Let's create indicators for different course categories using sets of keywords under each course type. For example, let's build indicators for:

* English
    - Writing
    - Composition
    - Literature
    - Critical Thinking
    - Written Expression
    - Creative Arts
    - Communication
    - Literary
    - Rhetoric
    - reading
    - written communication
* Statistics
    - Quantitative Reasoning
    - biostatistics
    - statistics
* Fitness - _this does NOT include "nutrition" nor "nutrition for wellness"_
    - Health and Fitness
    - Wellness
    - Physical Education
* Nutrition - _run as a separate category_
    - nutrition
    - nutrition for wellness
    
## Explaining the code below

* `mutate()` from `dplyr` package used to create new variables in dataset
* `if_any()` also from `dplyr` package used to select multiple columns "across" which to "apply" a given function. See ["colwise" vignette for dplyr](https://dplyr.tidyverse.org/articles/colwise.html).

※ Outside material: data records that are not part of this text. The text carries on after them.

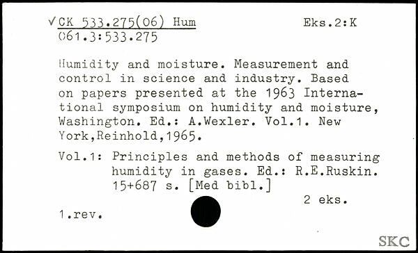 Humidity and moisture. Measurement and control in science and industry. Based on papers presented at the 1963 International symposium on humidity and moisture, Washington. Ed.: A.Wexler.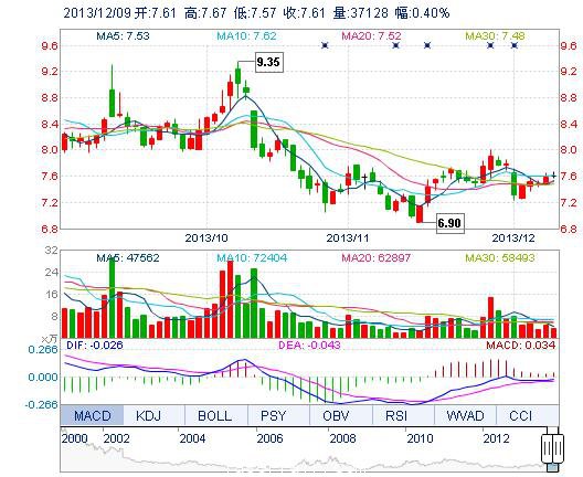 今開: 7.61 成交量: 3.71萬手 振幅: 1.32% 最高: 7.67 成交額: 2829.62萬元 換手率: 0.85% 最低: 7.57 總市值: 33.24億 市凈率: 2.43 昨收: 7.58 流通市值: ...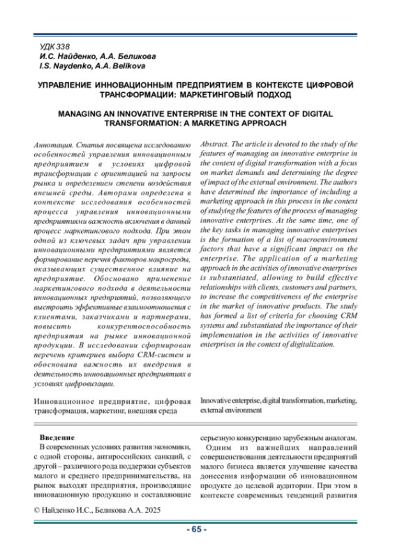 Статья посвящена исследованию особенностей управления инновационным предприятием в условиях цифровой трансформации с ориентацией на запросы рынка и определением степени воздействия внешней среды. Авторами определена в контексте исследования особенностей процесса управления инновационными предприятиями важность включения в данный процесс маркетингового подхода. При этом одной из ключевых задач при управлении инновационными предприятиями является формирование перечня факторов макросреды, оказывающих существенное влияние на предприятие. Обосновано применение маркетингового подхода в деятельности инновационных предприятий, позволяющего выстроить эффективные взаимоотношения с клиентами, заказчиками и партнерами, повысить конкурентоспособность предприятия на рынке инновационной продукции. В исследовании сформирован перечень критериев выбора CRM-систем и обоснована важность их внедрения в деятельность инновационных предприятиях в условиях цифровизации.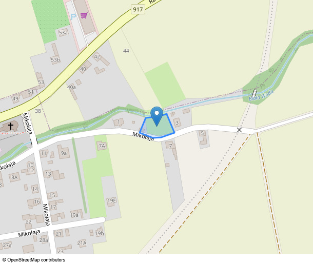 Działka posiada powierzchnię 1279 m2 i kształt zbliżony do trapezu, jest częściowo ogrodzona (ogrodzenie z siatki stalowej, na słupkach stalowych). Teren działki jest płaski, porośnięty trawą, krzewami oraz kilkoma drzewami. Wzdłuż północnej granicy płynie strumyk (ciek wodny). Działka nie jest wyposażona w urządzenia infrastruktury technicznej, ale sieć wodociągowa, energetyczna oraz kanalizacyjna przebiegają w drodze, obok działki. Nieruchomość posiada bezpośredni dostęp do drogi publicznej o nawierzchni asfaltowej – ulicy Mikołaja.

* `.cols = ` is a list of columns or variables
* `starts_with()` is a "helpful" function from [`tidyselect` package](https://tidyselect.r-lib.org/reference/starts_with.html), loaded with `tidyr`.

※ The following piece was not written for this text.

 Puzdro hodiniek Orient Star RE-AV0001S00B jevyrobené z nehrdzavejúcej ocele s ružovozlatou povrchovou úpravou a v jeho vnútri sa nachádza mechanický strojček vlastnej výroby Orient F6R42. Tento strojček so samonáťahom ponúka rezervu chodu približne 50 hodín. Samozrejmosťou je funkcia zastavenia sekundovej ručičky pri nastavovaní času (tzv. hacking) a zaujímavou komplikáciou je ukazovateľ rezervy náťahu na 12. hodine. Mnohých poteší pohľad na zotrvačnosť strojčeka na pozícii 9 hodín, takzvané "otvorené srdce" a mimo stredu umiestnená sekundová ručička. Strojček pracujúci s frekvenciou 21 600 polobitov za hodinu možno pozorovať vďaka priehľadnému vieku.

* `.fns = ` could be any function like `mean()`, but here I'm using a `purrr` style `~` to "map" a function across the columns specified; see more details for [`dplyr::across()`](https://dplyr.tidyverse.org/reference/across.html).
* `str_detect()` is from [`stringr` package](https://stringr.tidyverse.org/reference/str_detect.html).
* `tolower()` is a base R function that sets the character string specified to all lowercase letters. The syntax here `tolower(.)` takes the "strings" coming in from the "course" columns and feeds them `.` into `tolower()`.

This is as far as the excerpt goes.